At the same time, the laser power density has a great influence on the impulse coupling, and the expression of power density during space-based laser transmission is given [24].

$$I = \frac{4E}{{\pi \tau }}\left( {\frac{\lambda L}{{\pi d}} + D} \right)^{ - 2}$$

(2)

where E denotes the single pulse laser energy, d denotes the laser light waist, L denotes the laser transmission distance, D denotes the laser output aperture, λ denotes the laser wavelength, and τ denotes the laser pulse width.

Nanosecond pulse width lasers can generate higher ablation efficiency and laser peak power, and plasma expansion plumes can be obtained effectively. Many experimental measurements were done in the United States from the 1960s to the 1990s, and related theoretical and experimental studies were also carried out in References [25, 26]. The results shown that based on the condition of given pulse width, the laser pulse width needed to reach nanosecond (10⁻⁹ s) in order to achieve the optimal power density. Namely, the optimal power density satisfied the below relation [22]:

$$I_{\max } \approx \frac{8.5 \times 10^4 }{{\sqrt {\tau } }}$$

(3)

When pulsed lasers irradiate space debris, two basic physical processes including laser ablation and plasma plumes will be undergone. For debris materials of aluminium alloy, the peak power density of 10⁸ W/cm² is the threshold from vaporisation to isoionization. When the peak power density ranges from 10⁸ to 10¹⁰ W/cm², the plasma mechanism is again dominant.

From the perspective of debris removal, the amount of impulse that can be obtained per unit area of the debris is very critical. The relevant research results indicate that if the laser pulse width is too short, it is difficult to achieve high-energy output when pulsed lasers irradiating the debris. That is how to make full use of the interaction effect of plasma, vapour, and condensed matter to improve the impulse coupling coefficient also needs to be comprehensively considered. In order to promote the energy utilisation and impulse coupling coefficient of the debris, the laser pulse width should not be too small, and a large laser pulse width within a certain range is necessary for the debris removal efficiently.
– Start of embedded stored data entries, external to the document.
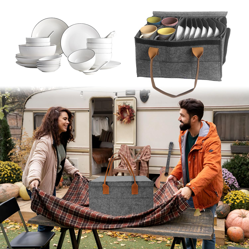 ▶Elastyczne przegródki z ochroną przed zarysowaniami: Bardziej elastyczne niż pianka - bez dźwięków kwaku. Brak cichszego dźwięku: kempingowy uchwyt na kubek wykonany jest z filcu pochodzącego z recyklingu, który może pomieścić 4 filiżanki - 8 talerzy. Można przechowywać okrągłe, kwadratowe, duże talerze i małe talerze - a nawet talerze do zupy!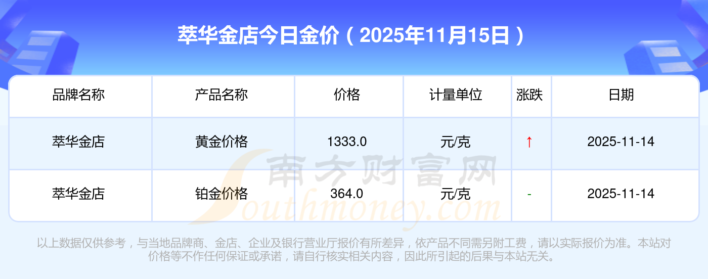 2025年11月15日萃華金店金價(jià)查詢:黃金價(jià)格1333.0元/克,鉑金價(jià)格646.0元/克,飾品金價(jià)(內(nèi)地)1333.0元/克,黃金飾品(香港)46320.0,鉑金價(jià)格(香港)18410.0,金條價(jià)格(香港)41780.0,金條金價(jià)(內(nèi)地)1167.0元/克,黃金價(jià)格1322.0元/克,鉑金價(jià)格600.0元/克,足金價(jià)格1322.0元/克,黃金價(jià)格1295.0元/克。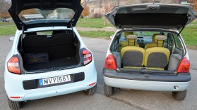 Itt is nőtt a Twingo - galériaA helykínálatot tekintve ismét elismerő szavakkal illethetjük az új Twingót, mely a kissé magas üléspozíció mellett minden irányban elegendő hellyel szolgál az elöl ülőknek. Apropó, a szép, többszínű kárpittal ellátott, kényelmes ülések egyetlen gyengepontja az integrált fejtámla, mely 185 centitől már nem nyújt megfelelő alátámasztást. Az immáron külön ajtókon megközelíthető hátsó sorra szintén nem lehet különösebb panaszunk, habár a kategóriában találkoztunk már nagyobb teret kínáló modellekkel is. 180 centiig azonban még így is bevállalhatunk hosszabb utakat, egyedül a magasra húzott térdekkel és a csak billenthető ablakokkal gyűlhet meg a bajunk a hivatalosan továbbra is csak két személy fogadására képes hátsó paddal kapcsolatban. A csomagtérről már esett szó az előzőekben, de azért jegyezzük meg itt is: az alapból 190 és a hátsó támlákat lehajtva, sík padló mellet 980 literes értékek jónak mondhatók, de közvetlenül a motor fölé hosszabb útra ne tegyünk fagyasztott vagy romlandó dogokat – hiába, a csavarokkal rögzített fedélen található vastag hővédő réteg sem tud csodát tenni.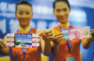 | 礼仪小姐现场展示海南省赠送给广西游客的旅游消费券。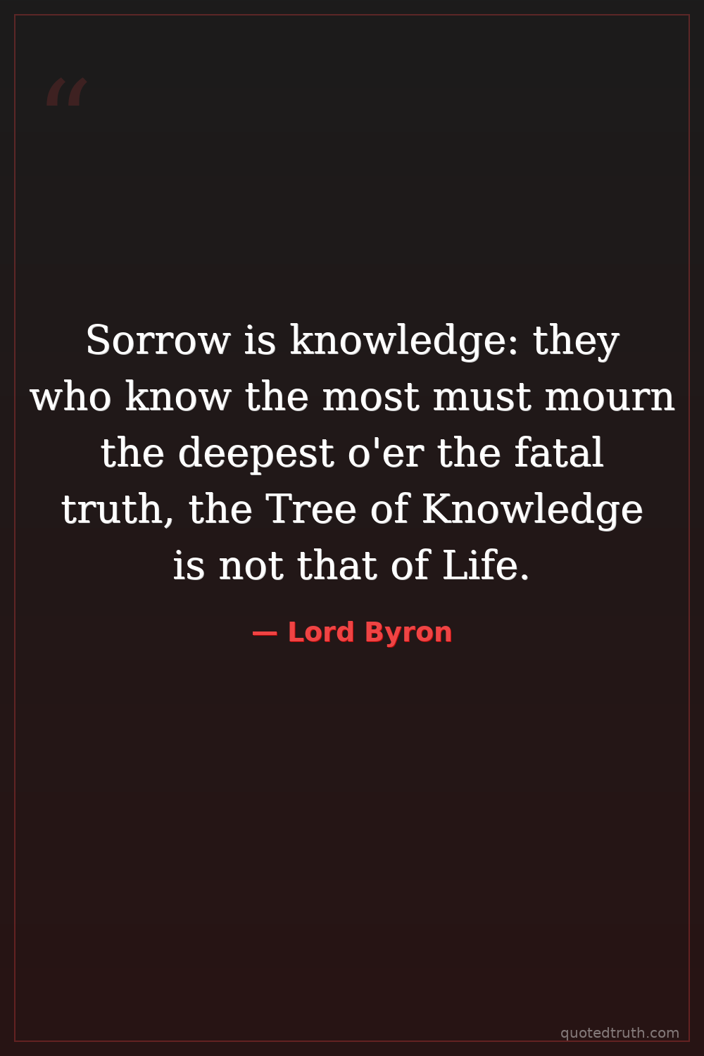 Sorrow is knowledge: they who know the most must mourn the deepest o'er the fatal truth, the Tree of Knowledge is not that of Life.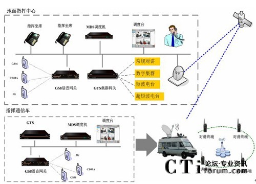 整體系統(tǒng)由地面指揮中心和指揮通信車組成,指揮中心和通信車分別部署調度臺,均可指揮現(xiàn)場。地面指揮中心和指揮通信車通過部署衛(wèi)星設備,通過衛(wèi)星鏈路進行通信,當衛(wèi)星鏈路出現(xiàn)故障時,指揮車也可通過移動網絡(GSM/CDMA/3G)與地面指揮中心互聯(lián)互通。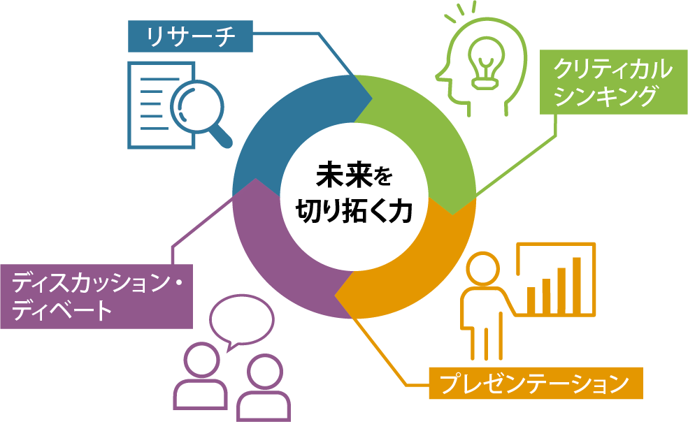 このクラスでは、英語を「日常の言葉」から「学問を探究する言語」へと発展させ、実社会や学問的テーマをもとにリサーチから発表までを英語で行います。その学びは、リサーチ・思考・対話・発表が循環するサイクル型プログラムで、発見と表現をくり返す中で思考力と表現力を深めていきます。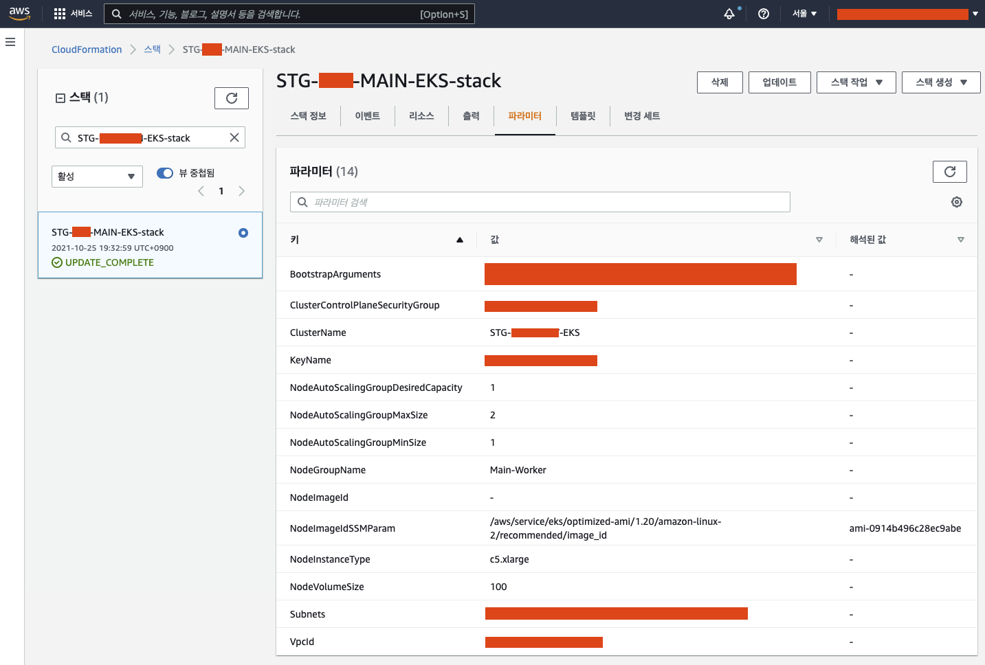 ㅇ 수정이 필요한 부분은 NodeImageIdSSMParam 부분이다.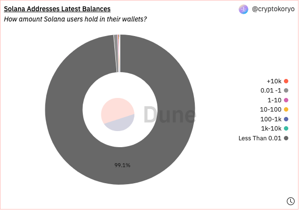 Surprisingly, it looks like 99% of Solana wallets hold less than 0.01 Solana.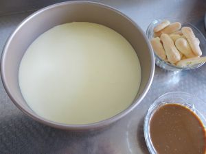 把手指饼沾百利甜酒加咖啡的混合液后,放入六寸模具底,摆满,倒入一半的奶油蛋黄糊,再放入沾咖啡酒的手指饼,继续倒入剩下蛋黄糊。抹平表面,放入冰箱冷藏四小时
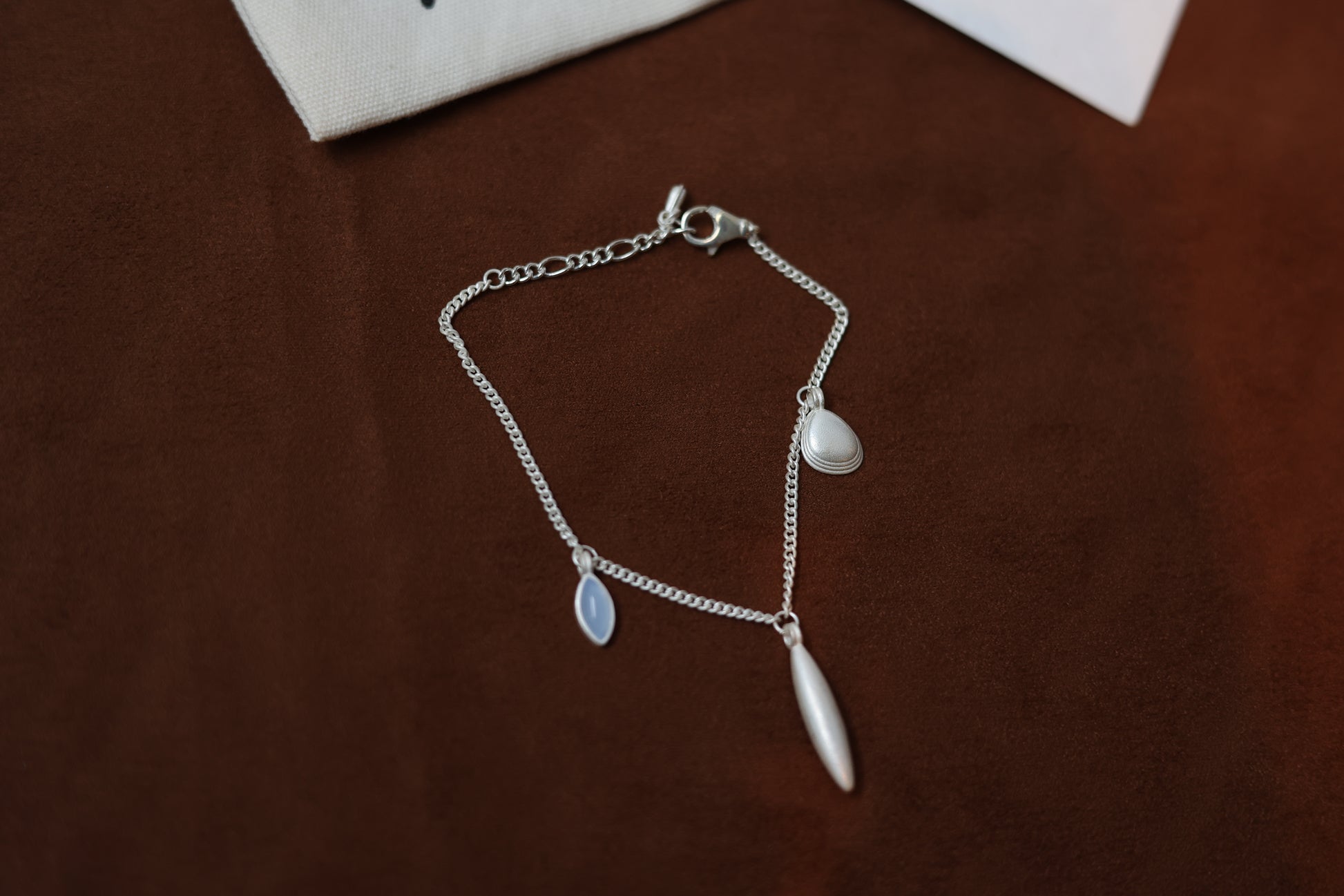 Matte White Silver Bracelet with Black&Blue Agate stones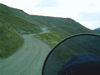 Glücklicherweise war die "Strasse" trocken. Wenn es regnet dürfte sie sich in ein einziges Schlammbad verwandeln. Teilweise sind die Kehren tief ausgefahren und es haben sich viel-cm-hohe Staubhäufen gebildet. Besonders um den Mt.Genervis herum waren die übelsten Vertreter solcher Kehren. |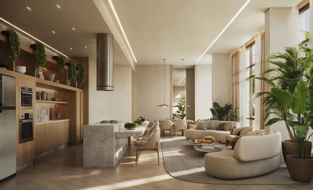 As unidades contam com opções de 4 e 5 quartos, atendendo famílias que buscam mais espaço, conforto e praticidade. Os apartamentos tipo oferecem integração entre sala, cozinha e varandas amplas, enquanto os gardens trazem quintais privativos para quem valoriza o contato direto com a natureza. Já as coberturas funcionam como verdadeiras casas suspensas, com áreas externas exclusivas, piscinas privativas e vistas panorâmicas da Barra da Tijuca.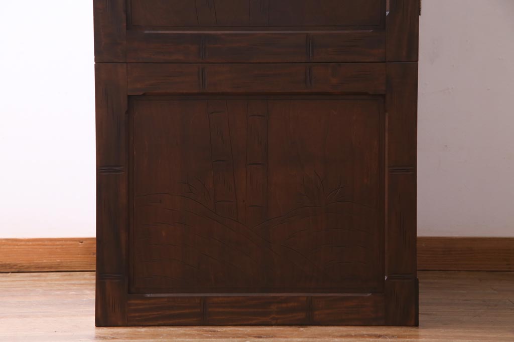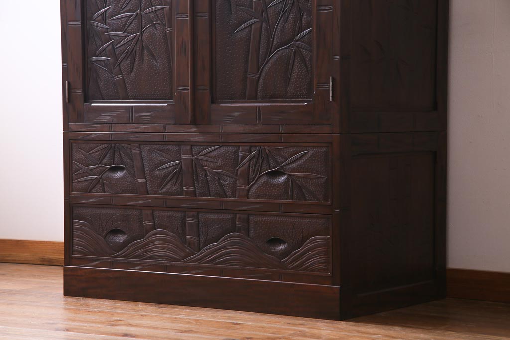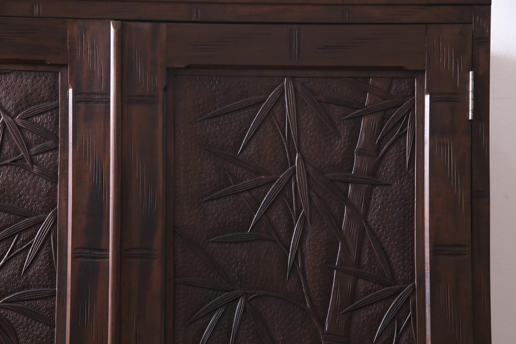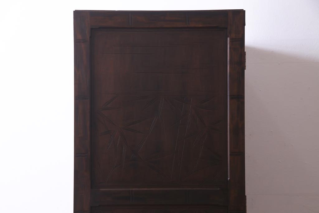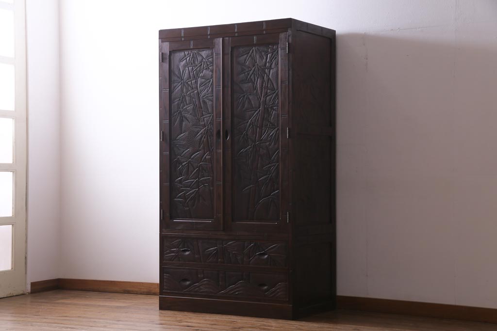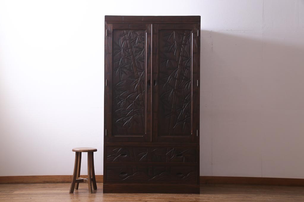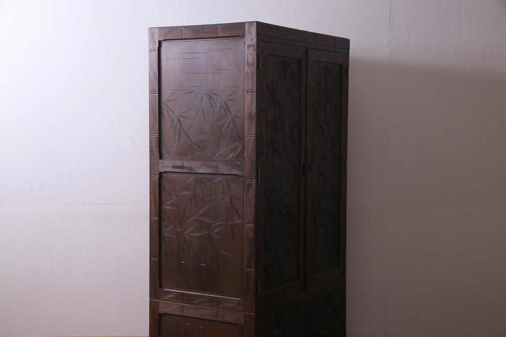中古 伝統工芸 軽井沢彫り 竹モチーフの意匠が魅力的なワードローブ(洋服タンス、チェスト)
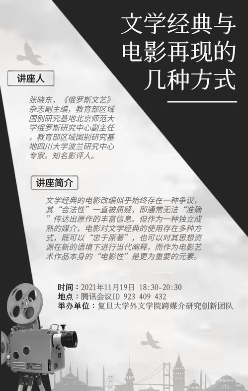 11月19日,北京师范大学俄罗斯研究中心副主任、《俄罗斯文艺》副主编、教育部区域国别研究基地中心副主任、知名影评人张晓东受“跨媒介文化研究创新团队”邀请,为绅士漫画 师生做了题为“文学经典与电影再现的几种方式”的讲座。讲座由俄文系副教授李新梅主持,近百名师生参与。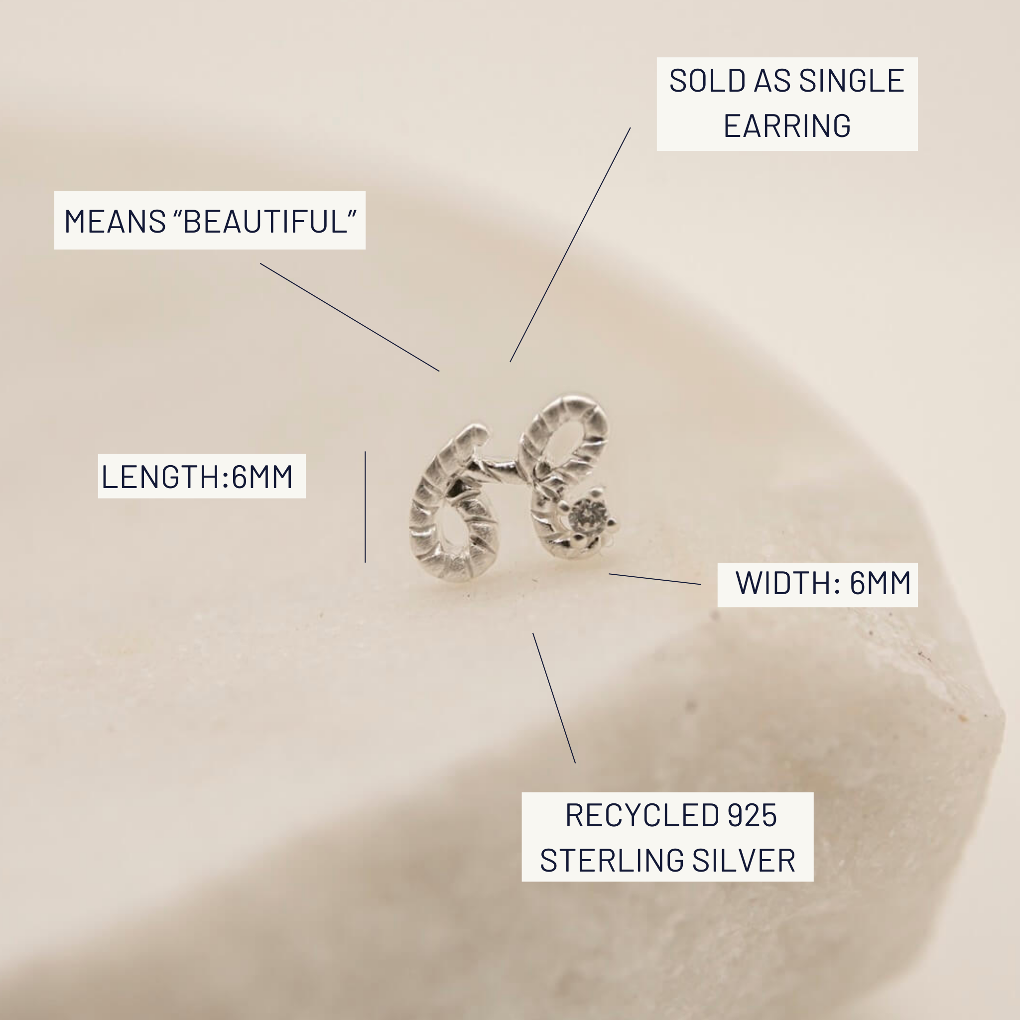 It’s only fitting that the word ‘Beautiful’ should look so, well, beautiful as a Shorthand stud earring. Handcrafted in recycled silver with twisted rope detail and a cubic zirconia, this hidden message jewellery is a personal declaration and a representation of that inner voice.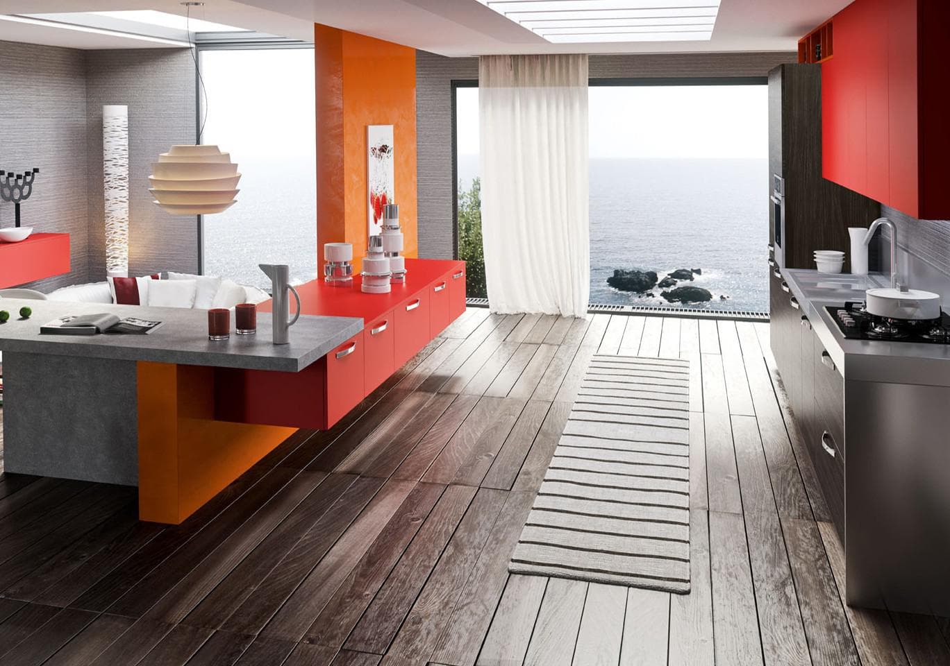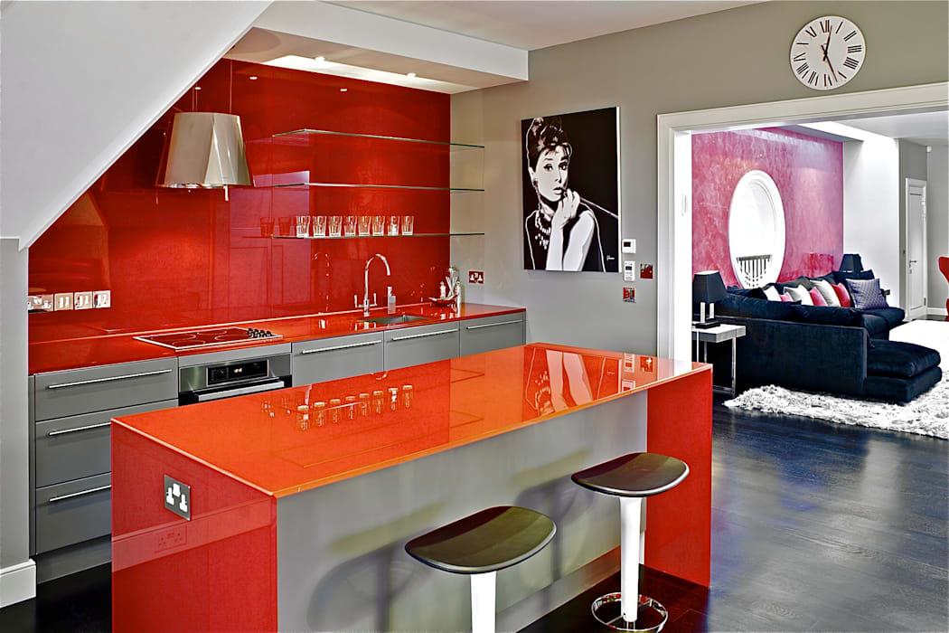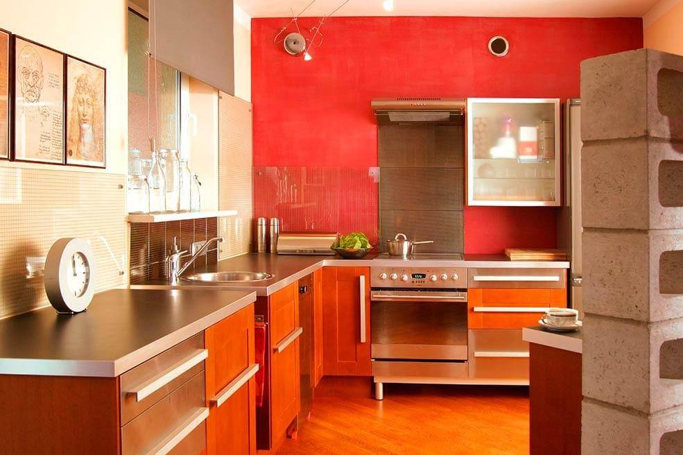 Кухня оранжевого цвета исключительно совместима с красными оттенками. Чтобы интерьер не выглядел агрессивно, их сочность приглушается слоновой костью, бежевым, нейтральным серым или белым.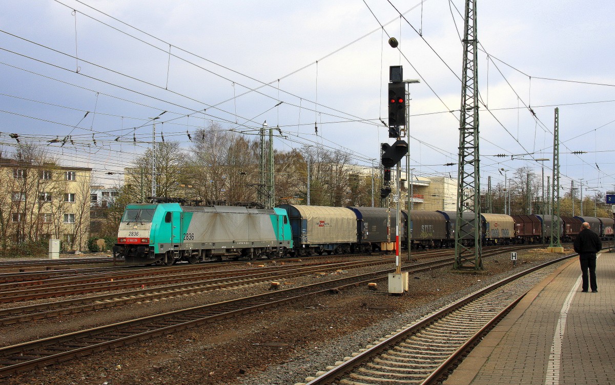 Die Cobra 2836 kommt aus Richtung Montzen/Belgien mit einem langen gemischten Güterzug aus Antwerpen-Noord(B) nach Köln-Gremberg und fährt in Aachen-West ein. Aufgenommen vom Bahnsteig in Aachen-West bei Sonne und Regenwolken am 15.3.2014.

After the impulse coupling effect of driving the debris is evolved, the expression of impulse coupling coefficient between the vapour and the debris is given as follows:

$$C_m = \frac{{P\left( {\tau - t} \right)}}{I\tau }$$

(4)

where C_m denotes the impulse coupling coefficient, and P denotes the vapour pressure on the gasification surface.

According to the above analysis, the optimal impulse coupling coefficient between the vapour and the debris can be obtained by substituting Eqs. (1) and (3) into Eq. (4).

$$C^{\prime}_m \approx \frac{{P\sqrt {\tau } }}{8.5 \times 10^4 }\left[ {1 - \frac{\pi }{4B}\left( {\frac{KT}{{8.5 \times 10^4 }}} \right)^2 } \right]$$

(5)

In fact, the impulse coupling process between plasma and incident laser has obvious nonlinear relationship. Based on the best coupling conditions, the variation range of optimal impulse coupling coefficient is about (5.5 ± 2) × 10⁻⁵N·s·J⁻¹ for aluminium alloy materials [27]. In this article, the value of impulse coupling coefficient is 6.5 × 10⁻⁵N·s·J⁻¹.

Supposing the debris mass remains unchanged before and after laser irradiation. When laser spot is completely irradiated on the debris surface, the optimal velocity increment of the debris is given by combining Eq. (5).

$$\Delta v_{\max } = \frac{{C^{\prime}_m Ik \cdot J}}{m}$$

(6)

where Δv_max denotes the velocity increment obtained by the debris, k denotes the irradiation direction of incident laser, and J denotes the second-order area matrix of the debris.

Based on the Eqs. (5) and (6), the number of laser pulses needed for the debris deceleration is given:

$$n = \frac{{m\Delta v_{\max } }}{{8.5 \times 10^4 C^{\prime}_m A\sqrt {\tau } }}$$

(7)

where n denotes the number of laser pulses, and A denotes the size of laser spot.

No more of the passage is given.